Cranberry Salsa Dip
Fresh cranberries mixed with jalapenos, green onions, lime juice and cilantro sit atop a platter of softened cream cheese. This absolutely delicious.
Prep Time20 minutes mins
Refrigerate4 hours hrs
Total Time4 hours hrs 20 minutes mins
Servings: 15 - 20 servings
Author: Terri @ that's some good cookin'
- 1 12 ounce bag fresh cranberries
- 1/2-3/4 cup sugar
- 1 bunch green onions, sliced with some of the green tops included
- 1 jalapeno pepper, seeded and chopped
- 1 lime, juiced
- 1/4-1/2 cup chopped cilantro, to taste
- sprinkle of salt
- 2 8 ounce blocks cream cheese, softened
Wash and pick through fresh cranberries. Discard any soft or wrinkled cranberries.
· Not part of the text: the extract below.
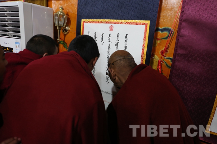 圖為扎什倫布寺的僧人們正在欣賞參賽書法作品。

Put cranberries, sugar, green onions, jalapeno, lime juice, cilantro, and salt in a food processor. Pulse until ingredients are a medium coarse consistency.
Put in a bowl, cover and let season for at least 4 hours in the refrigerator.
Spread softened cream cheese on a serving plate. (I divided the cream cheese between two plates.)
Spread salsa over the cream cheese. Serve at room temperature.
- Important Note: This dip needs at least 4 hours of chilling time for the flavors to blend. It is bitter when it is first made, but tastes completely different after the flavors have married.
- This dip keeps very well for several days in the refrigeratorr, so it is great for planning ahead.